Master P’s son Hercy Miller breaks seven-figures

Miller, who is committed to Tennessee State to play basketball, has to be on this list simply because of the amount of money he’s going to make. Miller announced on July 1 that he would be signing a $2 million deal with Web Apps America, the largest deal signed by an athlete thus far.

Frierson announced July 6 that he was partnered with Lomelo’s Meat Market in town, producing this image (the third one):

In a similar way that great broadcasters know when to let a big moment in sports speak for itself, I will let that image of him holding butchered meats sit with you instead of trying to add anything to it.

Now, speaking of Miami …

The U is (working on being) back

Dan Lambert, the owner of American Top Team and a longtime Miami football fan, has offered each scholarship player (90 total) on the Miami football team a monthly payment of $500 this year to advertise his gyms on social media. American Top Team is the home training facility for more than two dozen professional fighters.

According to ESPN’s Dan Murphy, the deal could be worth as much as $540,000. And while having a bankroll still isn’t allowed in college athletics, I love that a supporter of the Miami football program is trying to get as close as possible.

Lambert told Murphy, “I want to help the kids. I want to reward them for what they do, and I want a better product on the field, too.”

Kayvon Thibodeaux partners with Nike founder Phil Knight for an NFT

The potential No. 1 pick in the 2022 NFL draft had one of the coolest and most fitting NIL deals, partnering with Nike founder and Oregon alumnus Phil Knight for an NFT.

The NFT was designed by none other than another Oregon alumnus Tinker Hatfield, a legend for his designs of Air Jordans 3 through 15.

Hatfield said that the art was completely hand-drawn on his iPad. That’s impressive, but not shocking, given he created a couple of my personal favorites: white cement Air Jordans 3 and 4. The man’s creative genius knows no limits.

Arkansas WR Trey Knox and his dog partnering with PetSmart

If nothing else, Knox had the most adorable deal early on in the NIL era of college football with his dog, Blue, and PetSmart.

Dogs are always good content, Knox is getting paid, and Blue is getting treats. Everybody’s a winner.

Marshall OL Will Ulmer III can finally do something normal students can

Ulmer announced that he would be playing live shows using his own name (he previously used the alias “Lucky Bill”), offering his musical talents to venues and any other interested parties.

Ulmer’s deal is a good example of the disconnect that existed when college athletes didn’t have NIL rights. For example, music and art students, who can also be on scholarships like athletes, have always had the opportunity to make money off their work.

It never made sense that athletes were the only ones who weren’t allowed the same opportunities, and moreover, now people like Ulmer don’t have to go around calling themselves names like “Lucky Bill.”

The offensive lines and BBQ joints

If offensive line units were not getting collective deals with local BBQ joints, we could comfortably say that college athletes having NIL rights was an imperfect idea.

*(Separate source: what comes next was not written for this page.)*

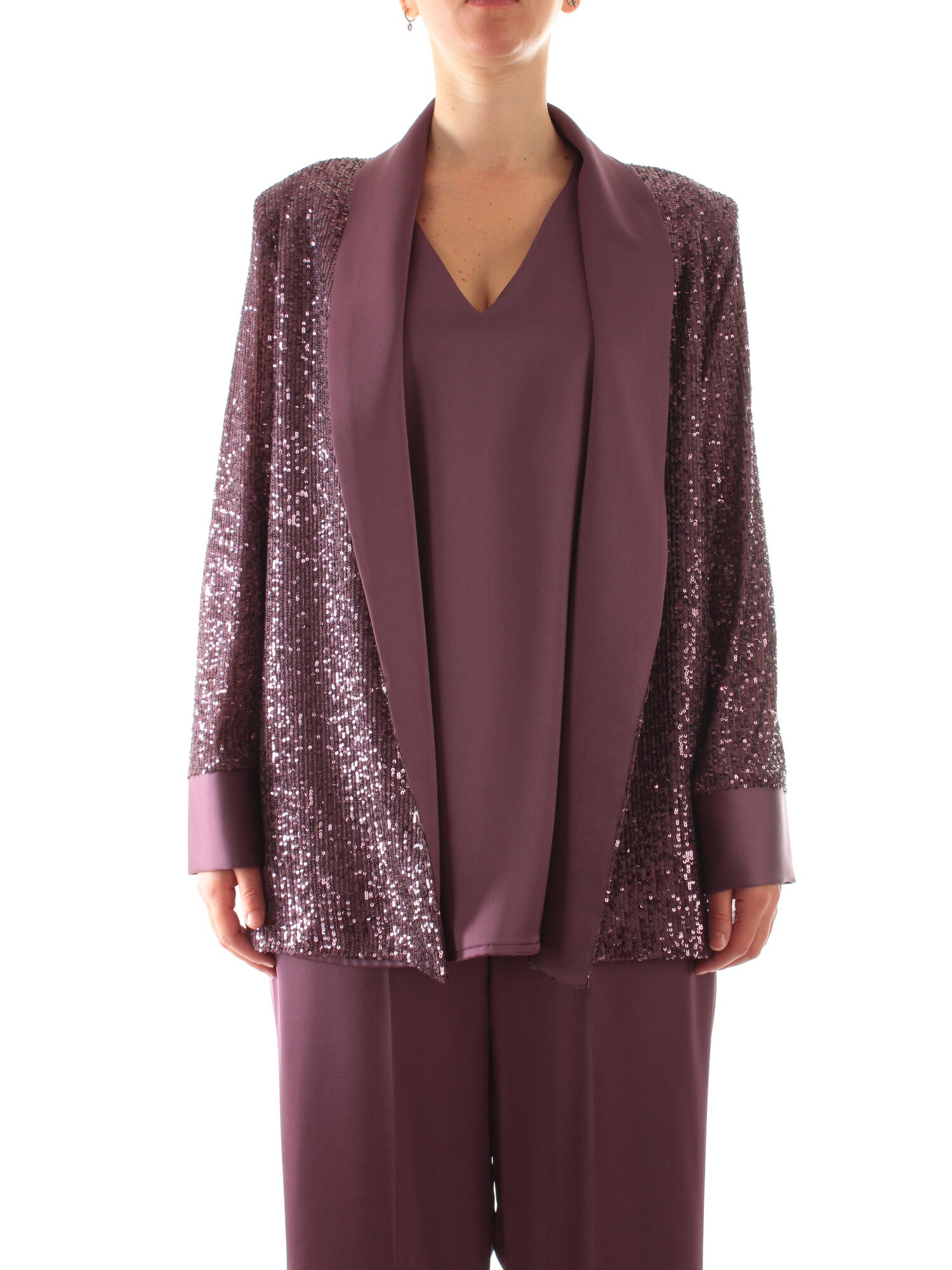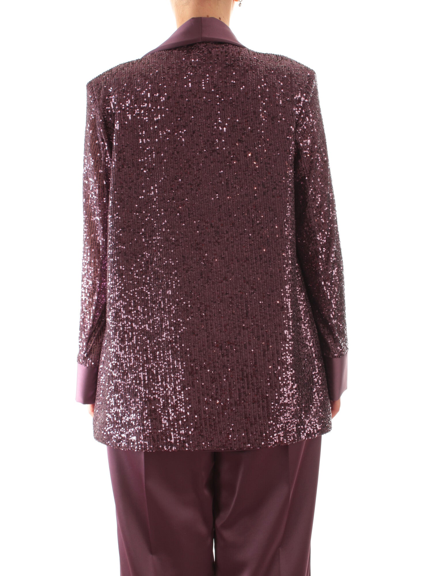 Blazer monopetto in full paillettes con dettagli in raso. Modello senza abbottonatura. Altezza modella: 170 cm. Taglia indossata: 46. 93% poliestere, 7% elastan

Thankfully, we don’t have to say that, because the Hawgs partnered with Wrights Barbecue in Johnson, Arkansas. Hashtags aren’t as much of a useful tool on Twitter in 2021, but you can’t go wrong with #BodyByBBQ.

Mission BBQ, which has locations in 16 states, has also reached NIL deals with both the Wisconsin and Notre Dame offensive lines.

Ohio State OL Dawand Jones is pushing candles

It’s not barbecue, but Jones has partnered with GoPuff, a consumer goods and food delivery service. The product he bought as an example was a candle.

As great as it is to see offensive linemen pushing barbecue, it’s even better to see one pushing candles.

We probably still don’t know the limits of where the NIL era will take us, but it’s going to be exciting to find out.